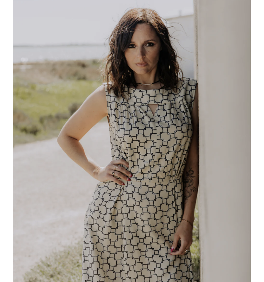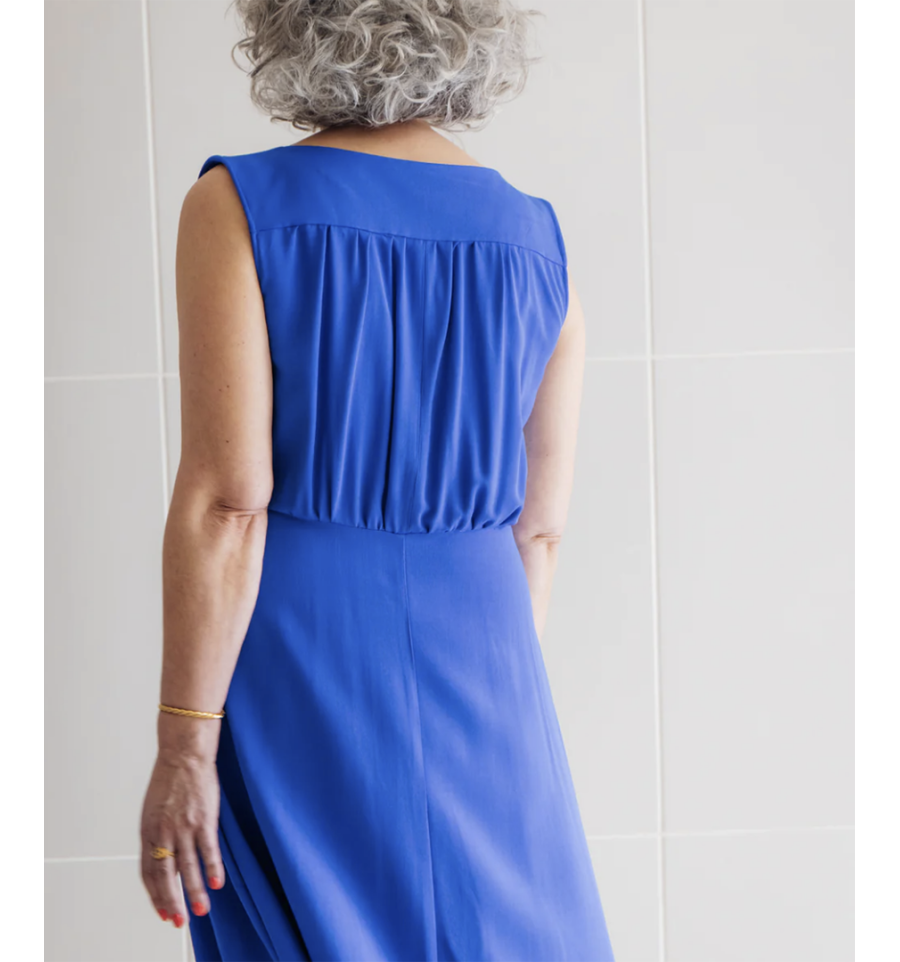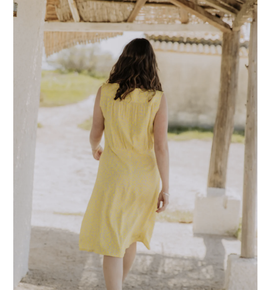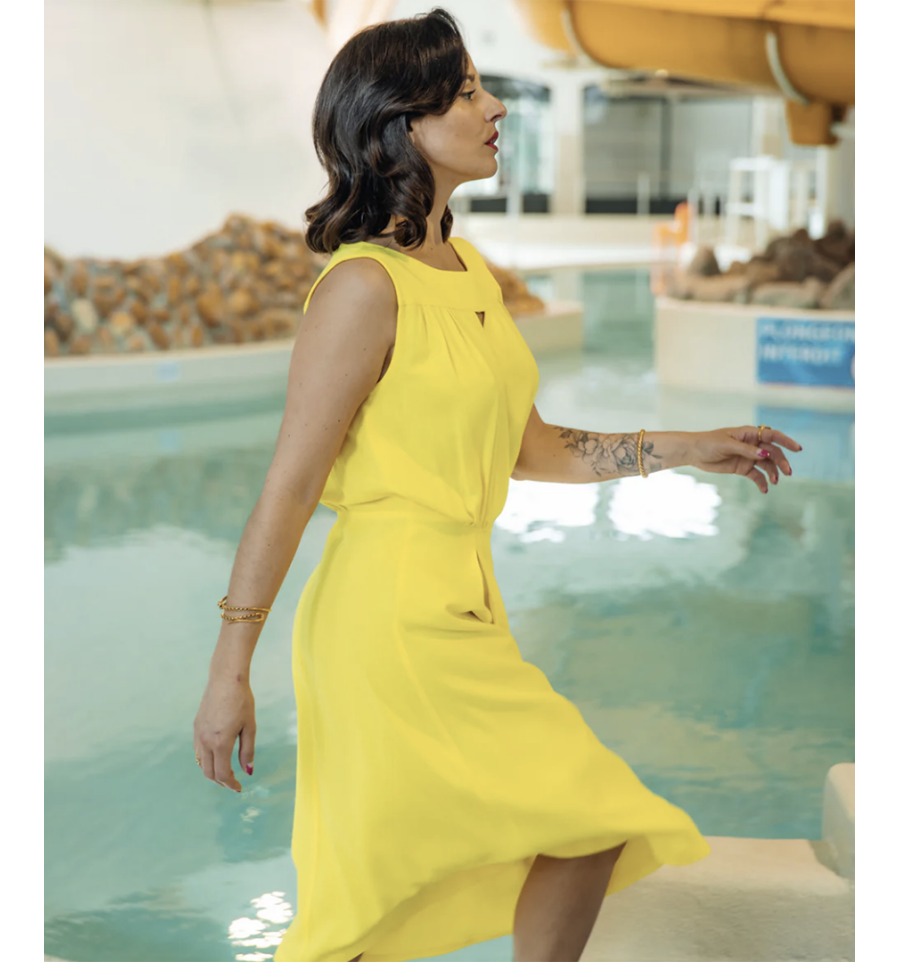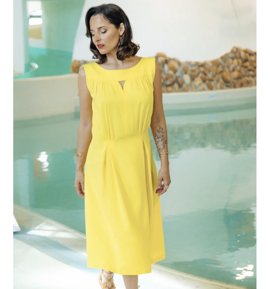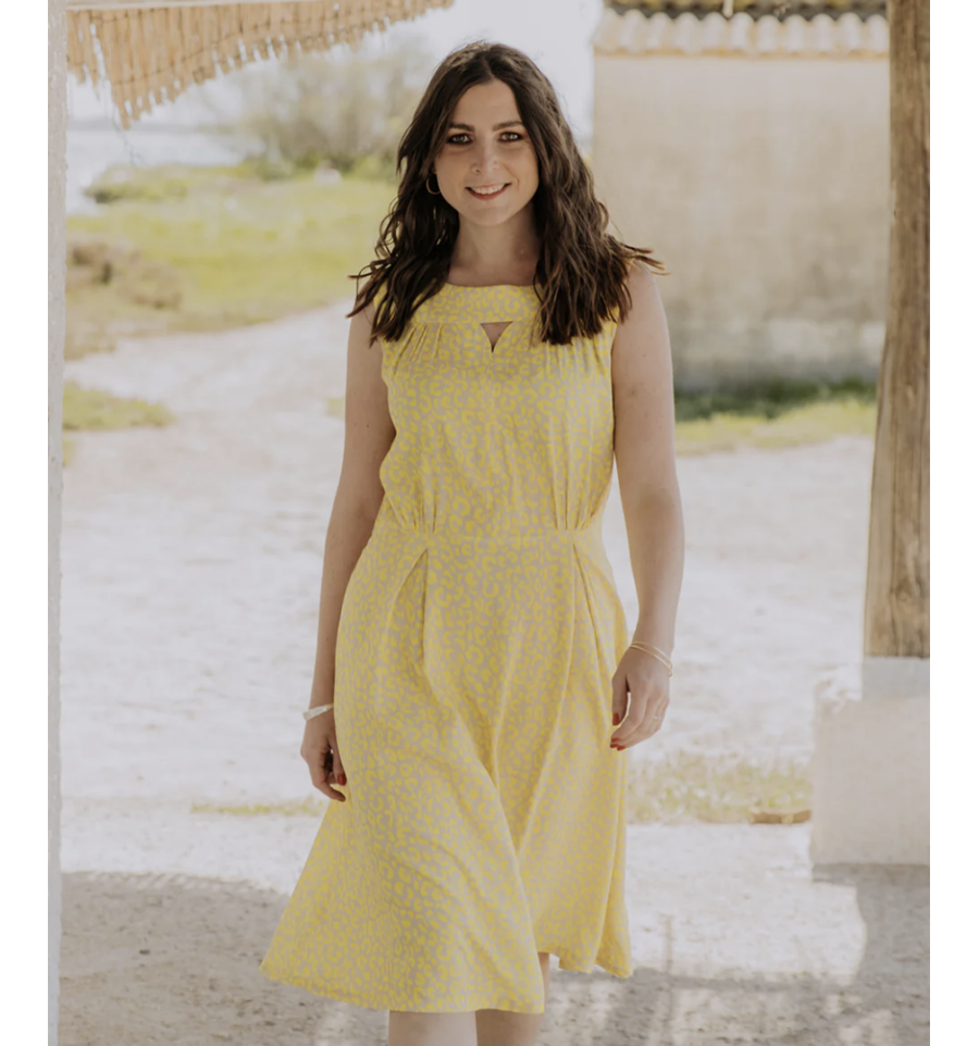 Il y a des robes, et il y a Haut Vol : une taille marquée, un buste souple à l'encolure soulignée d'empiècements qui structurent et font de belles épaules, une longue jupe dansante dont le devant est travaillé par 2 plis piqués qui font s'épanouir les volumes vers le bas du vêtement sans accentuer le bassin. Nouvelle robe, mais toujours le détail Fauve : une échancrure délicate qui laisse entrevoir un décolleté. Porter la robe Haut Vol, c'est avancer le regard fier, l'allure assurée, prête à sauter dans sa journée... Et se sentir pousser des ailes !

——

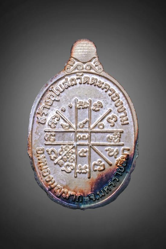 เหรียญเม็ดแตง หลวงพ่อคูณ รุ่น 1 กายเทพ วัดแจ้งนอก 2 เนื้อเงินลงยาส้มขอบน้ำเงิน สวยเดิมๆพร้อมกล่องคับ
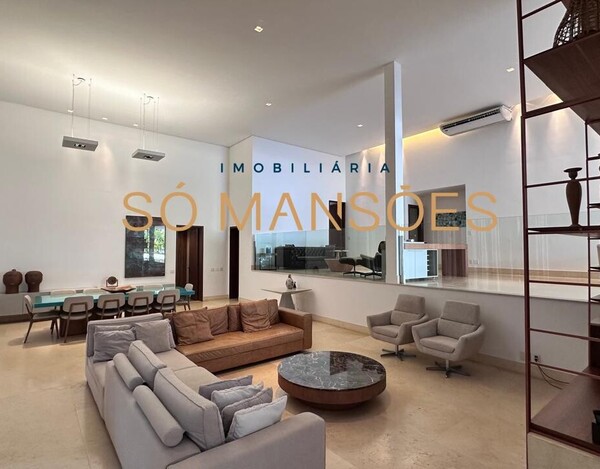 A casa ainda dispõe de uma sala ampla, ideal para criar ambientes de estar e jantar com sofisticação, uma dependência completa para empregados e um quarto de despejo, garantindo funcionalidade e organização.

——

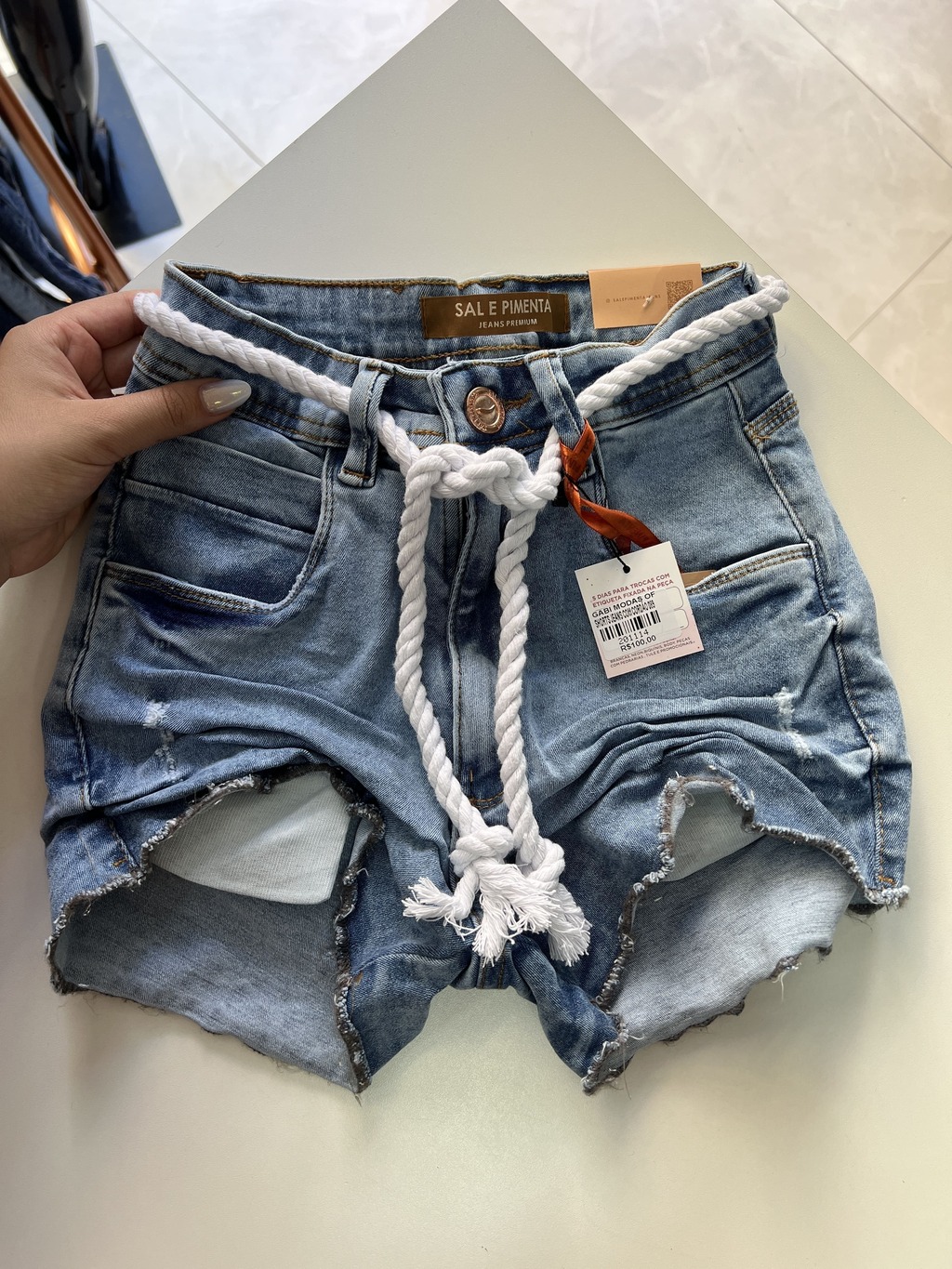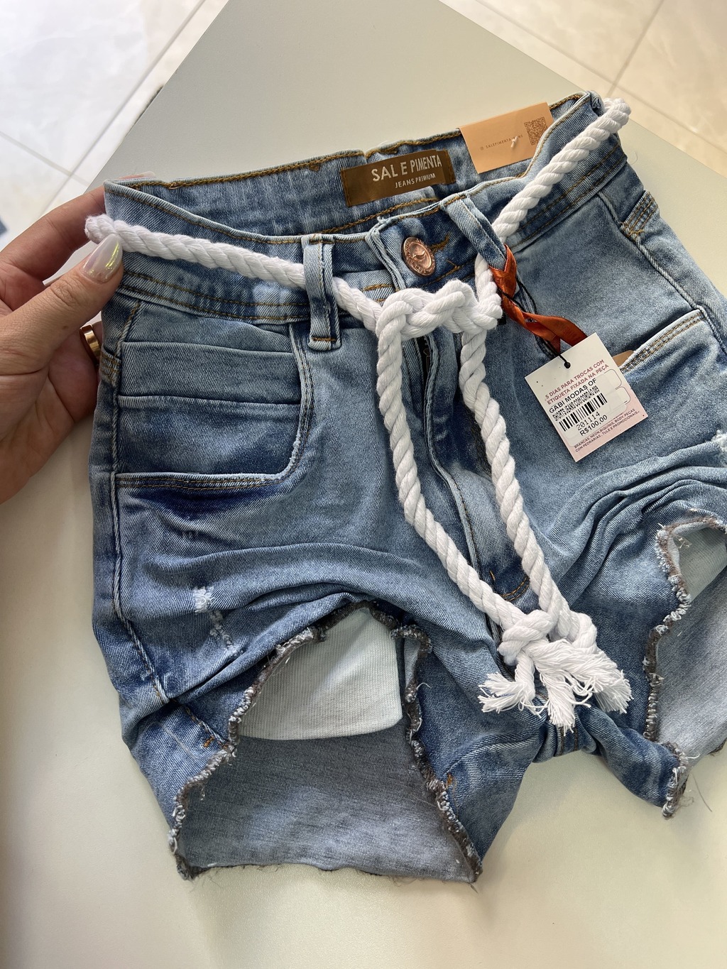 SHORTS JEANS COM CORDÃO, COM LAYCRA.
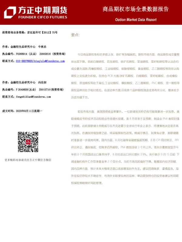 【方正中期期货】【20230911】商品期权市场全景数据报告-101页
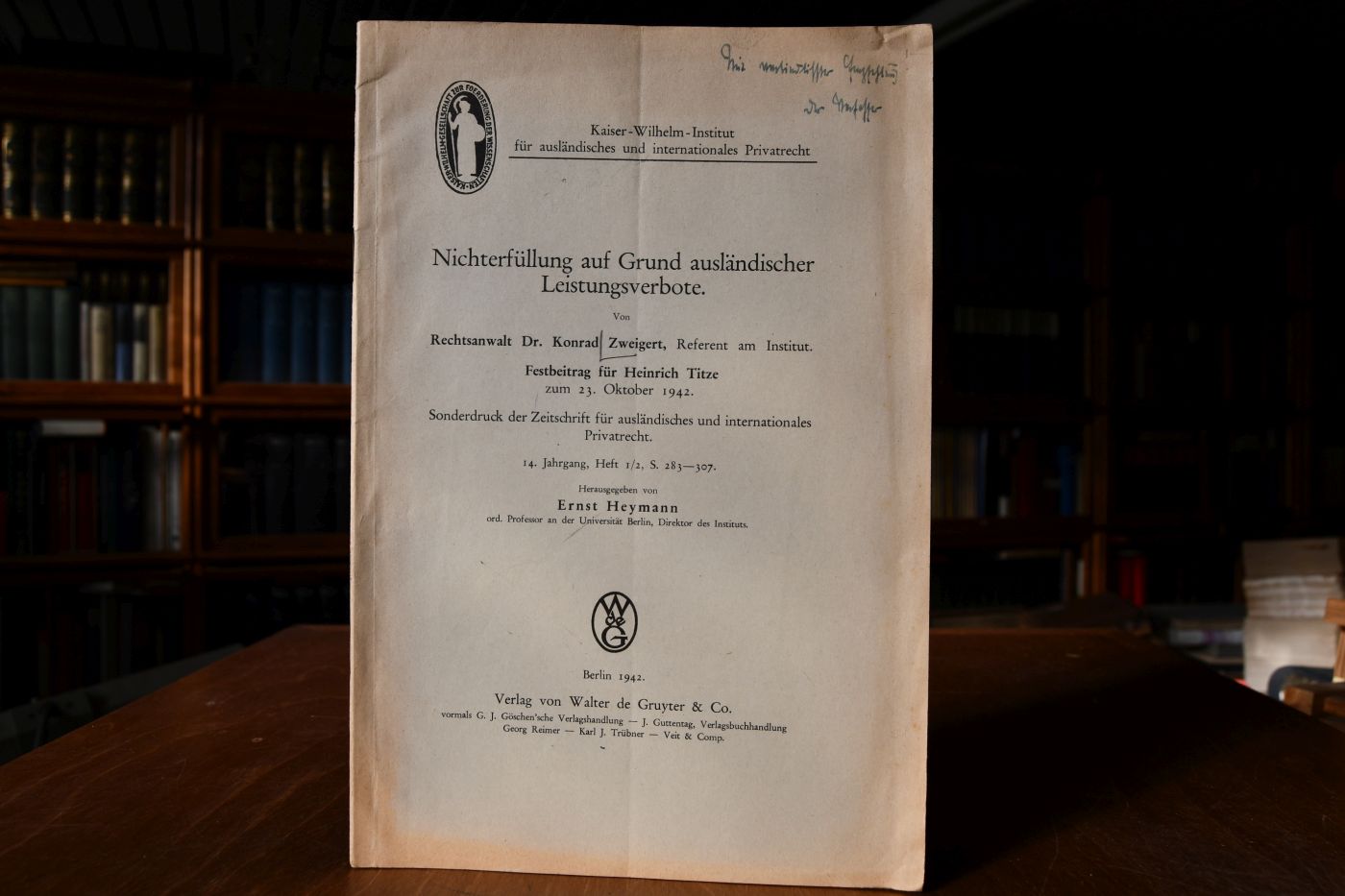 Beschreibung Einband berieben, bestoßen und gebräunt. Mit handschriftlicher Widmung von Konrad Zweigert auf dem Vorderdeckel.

——

> [Exercise instructions] Please copy the lines above exactly, starting at the line that holds "SHORTS JEANS COM CORDÃO, COM LAYCRA." and ending at the line that holds "Beschreibung Einband berieben, bestoßen"; include both, but no pictures.

> [Task output]
 SHORTS JEANS COM CORDÃO, COM LAYCRA.
 【方正中期期货】【20230911】商品期权市场全景数据报告-101页
 Beschreibung Einband berieben, bestoßen und gebräunt. Mit handschriftlicher Widmung von Konrad Zweigert auf dem Vorderdeckel.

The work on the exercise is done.